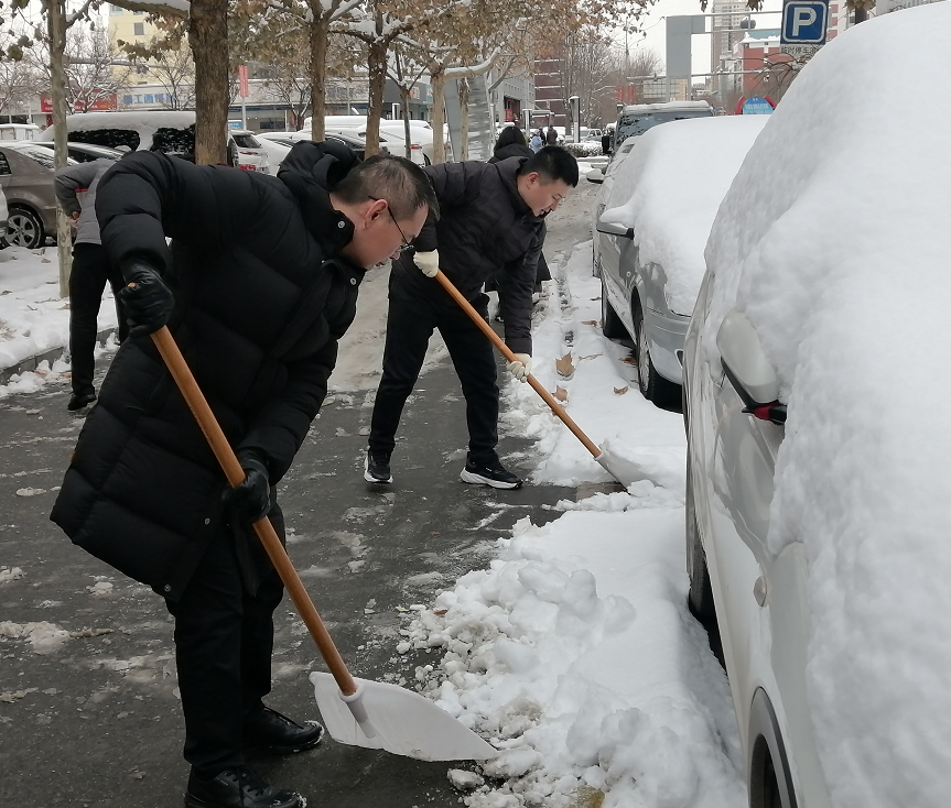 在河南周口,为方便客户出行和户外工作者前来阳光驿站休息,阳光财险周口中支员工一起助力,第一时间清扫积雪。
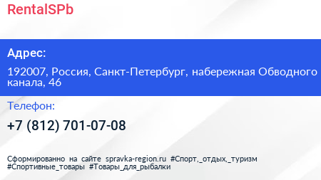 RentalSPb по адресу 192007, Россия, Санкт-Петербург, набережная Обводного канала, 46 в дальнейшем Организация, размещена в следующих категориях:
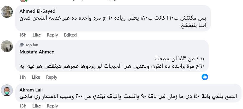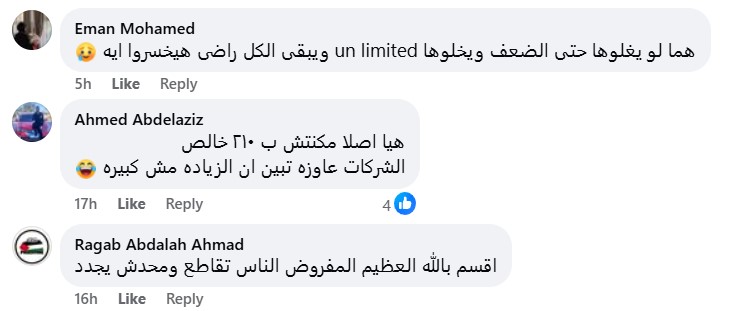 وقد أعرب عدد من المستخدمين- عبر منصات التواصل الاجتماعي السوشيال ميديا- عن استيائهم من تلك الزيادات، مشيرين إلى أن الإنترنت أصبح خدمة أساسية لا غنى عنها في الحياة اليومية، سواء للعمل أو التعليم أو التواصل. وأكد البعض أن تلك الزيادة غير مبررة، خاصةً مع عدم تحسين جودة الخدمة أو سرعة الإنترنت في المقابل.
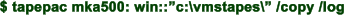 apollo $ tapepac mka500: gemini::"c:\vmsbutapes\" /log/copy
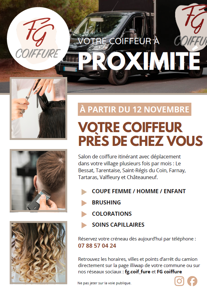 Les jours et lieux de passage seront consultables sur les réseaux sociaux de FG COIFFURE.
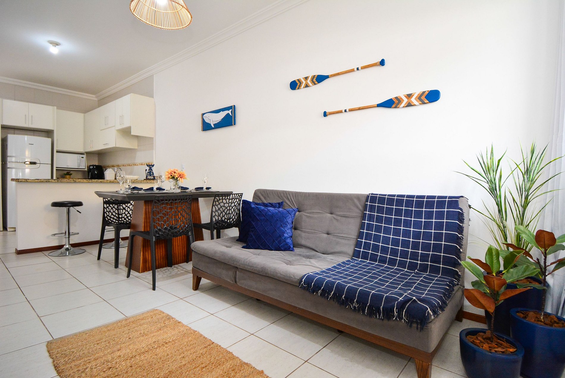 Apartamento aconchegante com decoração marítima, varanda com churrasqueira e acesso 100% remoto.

········

THE PROBLEM |
Omit the pictures, and please restate word for word the lines running from the line with "وقد أعرب عدد" to the end of the entries.

RESPONSE BOX |
 وقد أعرب عدد من المستخدمين- عبر منصات التواصل الاجتماعي السوشيال ميديا- عن استيائهم من تلك الزيادات، مشيرين إلى أن الإنترنت أصبح خدمة أساسية لا غنى عنها في الحياة اليومية، سواء للعمل أو التعليم أو التواصل. وأكد البعض أن تلك الزيادة غير مبررة، خاصةً مع عدم تحسين جودة الخدمة أو سرعة الإنترنت في المقابل.
 apollo $ tapepac mka500: gemini::"c:\vmsbutapes\" /log/copy
 Les jours et lieux de passage seront consultables sur les réseaux sociaux de FG COIFFURE.
 Apartamento aconchegante com decoração marítima, varanda com churrasqueira e acesso 100% remoto.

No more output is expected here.